From: Erich Focht (efocht_at_hpce.nec.com)
Date: 04/01/04

  • Next message: Len Brown: "Re: ACPI SCI IOAPIC bug (Re: Fixes for nforce2 hard lockup, apic, io-apic, udma133 covered)"
    To: Nick Piggin <nickpiggin@yahoo.com.au>
    Date:	Thu, 1 Apr 2004 00:23:05 +0200
    
    

    On Wednesday 31 March 2004 04:08, Nick Piggin wrote:
    > >>I'm with Martin here, we are just about to merge all this
    > >>sched-domains stuff. So we should at least wait until after
    > >>that. And of course, *nothing* gets changed without at least
    > >>one benchmark that shows it improves something. So far
    > >>nobody has come up to the plate with that.
    > >
    > > I thought you're talking the whole time about STREAM. That is THE
    > > benchmark which shows you an impact of balancing at fork. At it is a
    > > VERY relevant benchmark. Though you shouldn't run it on historical
    > > machines like NUMAQ, no compute center in the western world will buy
    > > NUMAQs for high performance... Andy typically runs STREAM on all CPUs
    > > of a machine. Try on N/2 and N/4 and so on, you'll see the impact.
    >
    > Well yeah, but the immediate problem was that sched-domains was
    > *much* worse than 2.6's numasched, neither of which balance on
    > fork/clone. I didn't want to obscure the issue by implementing
    > balance on fork/clone until we worked out exactly the problem.

    I had the feeling that solving the performance issue reported by Andi
    would ease the integration into the baseline...

    > >>The point is that we have never had this before, and nobody
    > >>(until now) has been asking for it. And there are as yet no
    > >
    > > ?? Sorry, I'm having balance at fork since 2001 in the NEC IA64 NUMA
    > > kernels and users use it intensively with OpenMP. Advertised it a lot,
    > > asked for it, atlked about it at the last OLS. Only IA64 was
    > > considered rare big iron. I understand that the issue gets hotter if
    > > the problem hurts on AMD64...
    >
    > Sorry I hadn't realised. I guess because you are happy with
    > your own stuff you don't make too much noise about it on the
    > list lately.

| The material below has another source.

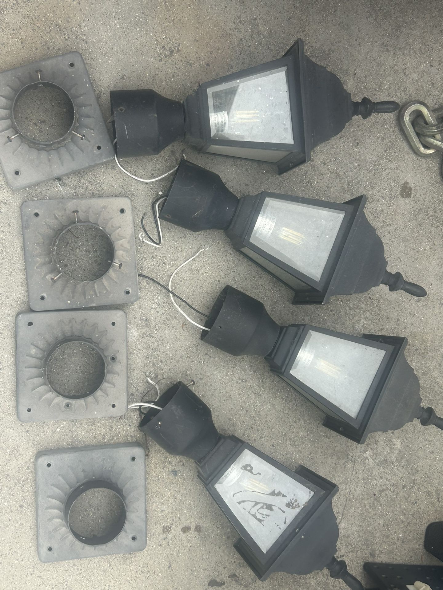 Set of four fence pillar lights As pictured They just need to be cleaned and possibly panted $20

I apologise.

    The usual excuse: busy with other stuff...

    > I wonder though, why don't you just teach OpenMP to use
    > affinities as well? Surely that is better than relying on the
    > behaviour of the scheduler, even if it does balance on clone.

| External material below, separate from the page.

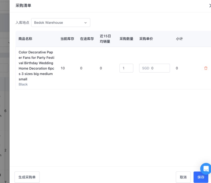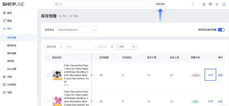 可以使用商品名称、SKU 搜索或根据预警状态(低库存)进行筛选,在需要采购补货的商品右侧点击操【补货】,将其添加到【采购清单】中,然后【保存】。

    You mean in the compiler? I don't think this is a good idea, that way you
    loose flexibility in resource overcomitment. And performance when overselling
    the machine's CPUs.

    > > Again: I'm talking about having the choice. The user decides. Nothing
    > > protects you against user stupidity, but if they just have the choice
    > > of poor automatic initial scheduling, it's not enough. And: having the
    > > fork/clone initial balancing policy means: you don't need to make your
    > > code complicated and unportable by playing with setaffinity (which is
    > > just plainly unusable when you share the machine with other users).
    >
    > If you do it by hand, you know exactly what is going to happen,
    > and you can turn off the balance-on-clone flags and you don't
    > incur the hit of pulling in remote cachelines from every CPU at
    > clone time to do balancing. Surely an HPC application wouldn't
    > mind doing that? (I guess they probably don't call clone a lot
    > though).

    OpenMP is implemented with clone. MPI parallel applications just exec,
    they're fine. IMO the static affinity/cpumask handling should be done
    externally by some resource manager which has a good overview on the
    long-term load of the machine. It's a different issue, nothing for the
    scheduler. I wouldn't leave it to the program, too unflexible and
    unportable across machines and OSes.

    > > There are companies mainly selling NUMA machines for HPC (SGI?), so
    > > this is not a niche market. Clusters of big NUMA machines are not
    > > unusual, and they're typically not used for databases but for HPC
    > > apps. Unfortunately proprietary UNIX is still considered to have
    > > better features than Linux for such configurations.
    >
    > Well, SGI should be doing tests soon and tuning the scheduler
    > to their liking. Hopefully others will too, so we'll see what
    > happens.

    Maybe they are happy with their stuff, too. They have the cpumemsets
    and some external affinity control, AFAIK.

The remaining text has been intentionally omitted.